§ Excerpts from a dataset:
..............................

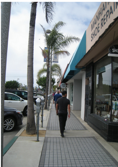
Figure 6.9 Buildings are located at the property line
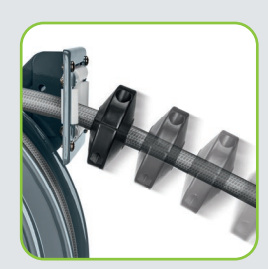
automatic roll-up of the hose
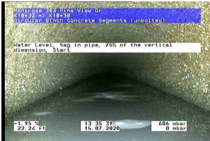
2228_04a1fd56-3379-4f69-ac94-100553f8bd91_20200715_134103_267.jpg, 00:05:27, 22.24ft Water Level, Sag in pipe, 75% of the vertical dimension, Start
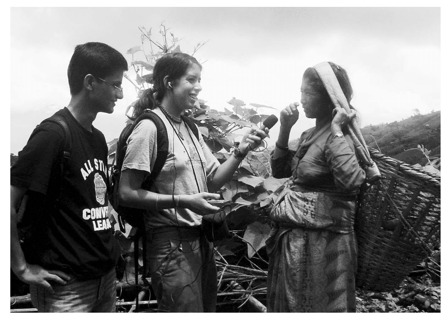
FIGURE 1 Interviewing a Tamang woman. Bhojeni, Kathmandu District, Nepal.

In the first phase, 8 such programs will be produced. As this is a pilot phase, the purpose is to assess whether such an approach—which
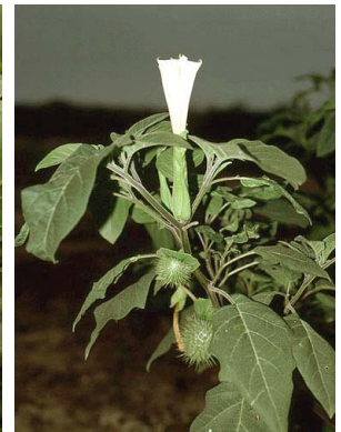
70 Datura stramonium SOLANACEAE
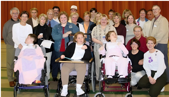
(Left) Attendees of the first Elm parents meeting at JP Lord School in Omaha in place for a group photo. This group helped create the Elm program, Vodec's first program in Nebraska.

..............................

§ Work instructions:
In the records above, some lines hold the word "first"; copy each such line.

§ Solution for this exercise:
In the first phase, 8 such programs will be produced. As this is a pilot phase, the purpose is to assess whether such an approach—which
(Left) Attendees of the first Elm parents meeting at JP Lord School in Omaha in place for a group photo. This group helped create the Elm program, Vodec's first program in Nebraska.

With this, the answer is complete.